# Play drive OR prey drive



## Superpup (Jun 7, 2007)

Mods please move if in the wrong spot..

Based on my understanding there is a distinct difference between prey AND play drive... prey drive being that a dog chases prey, catches it and possibly takes it in his mouth, shakes it...
Play drive being that a dog chases a ball -for example- brings it back for more PLAY...!??! 
BUT isn't that also PREY drive when the dog chases a ball? If the dog had NO prey drive, he would not wanna chase the ball, because moving objects would not interest him, right?
My Cody -I consider him to be- is low to medium prey drive dog... he will STALK and CHASE any and every squirrel, bunny, cat in his sight and he will even guard the tree for a long period of time, where the squirrel ran up to... so in that sense I guess he has considerable amount of PREY drive... 
He will NOT chase a tennis ball for extended periods of time, sometimes he will run after it, see what it is and ignore it. Sometimes I can engage him to play for 10 minutes... He will in all circumtances chase his soccer ball though, until he drops or I DROP from exhaustion







He is VERY food motivated and will take food anywhere and in any situation and is always willing to eat (regardless if he already ate or not)... BUT if I put food down on the ground next to his soccer ball, he will choose his soccer ball...

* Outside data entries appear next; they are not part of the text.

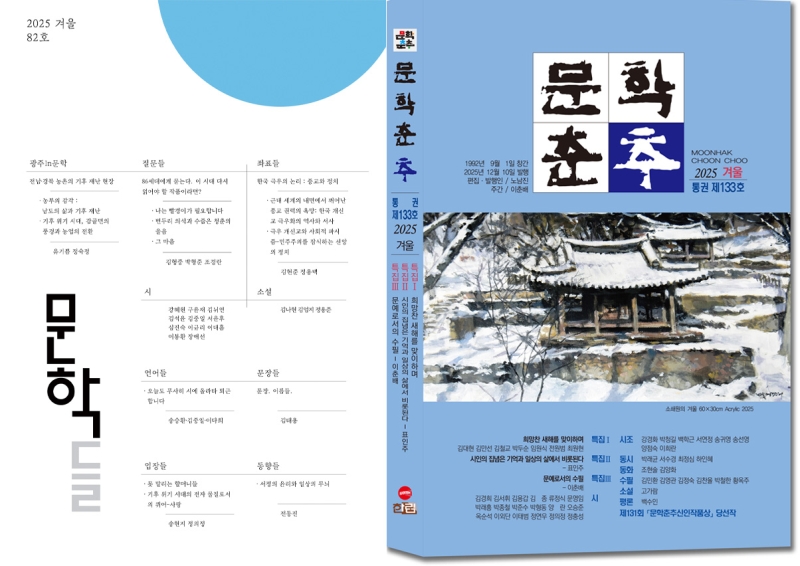 광주에서 발행되는 종합문예지 계간 『문학들』과 『문학춘추』 겨울호가 다채로운 신년 특집과 풍성한 작품들을 담아 출간됐습니다.
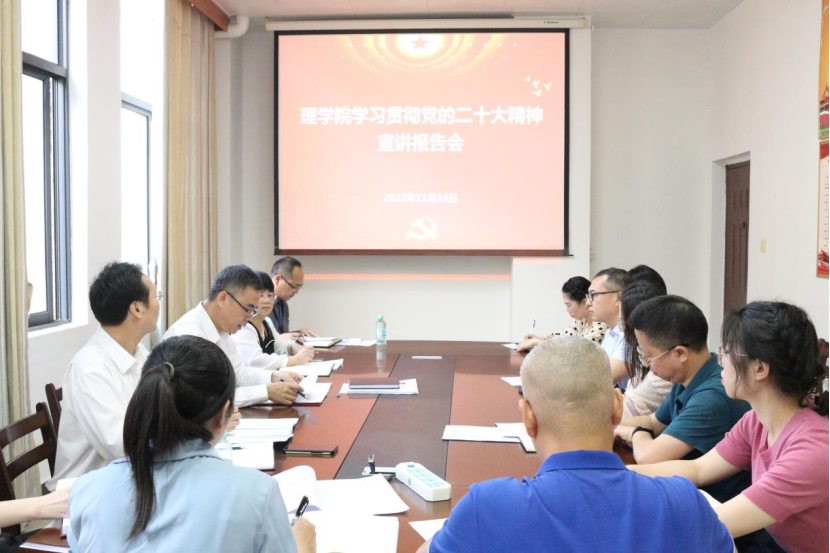 11月14日下午,校党委常委、纪委书记谢立平深入理学院宣讲党的二十大精神。理学院党委委员、党支部书记、党政办主任、学工办主任、组织员、部分教师代表等聆听宣讲。
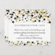 Elegante diseño de tarjeta de alojamiento para bodas con confeti de estrellas Purpurina de plata dorada, nombres personalizados y texto de fecha.
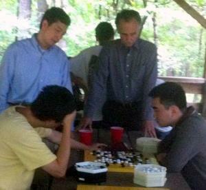 - report/ photo by Charles Alden; photo: photo, tournament winner Liqun Liu (seated, right) faces Jeff Kuang in the third round as Eric Zhang and Frank Salantrie observe.
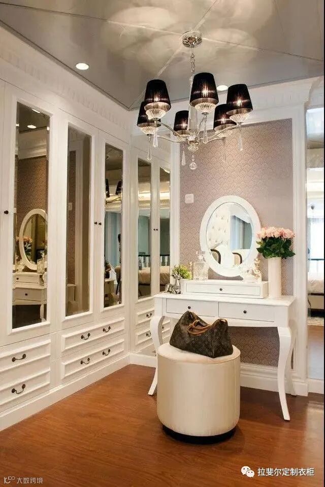 L型衣帽间的收纳空间也会比较强大,而且挂衣、折叠、饰品等分区更为科学合理,而且很多敞开式衣帽间都会将化妆台纳入其中。

Now is that HIGH play drive (with his soccer ball) or what?!?!?


----------



## big_dog7777 (Apr 6, 2004)

I am still under the impression that there is no "play drive". I feel that people that use the term play drive have heard prey drive mentioned but misunderstood it to be play. Maybe I'm wrong.


----------



## Superpup (Jun 7, 2007)

REally? I know a couple of people, my friends who are in the sport say that too... but then again a couple of OTHER people say that there is a difference???
John, have you read teh book "Schhutzhund obedience in drive" or something like that by Sheila Booth... that specifically makes a difference between prey AND play drives??


----------



## big_dog7777 (Apr 6, 2004)

I have not read that book. Honestly I have not read really any Schutzhund books on purpose so that I could form opinions and methods from what I SEE as opposed to what I read.


----------



## Chris Wild (Dec 14, 2001)

A drive is an instinctive response to a stimuli. Prey is a drive.

I do not see play as a drive. It is a social behavior. Yes, some dogs are more interested in playing that others, or tend to play for longer periods of time or more intently than others, so I guess one could say one is "higher play drive" than another. But I do not think using the term drive to refer to playing is really correct.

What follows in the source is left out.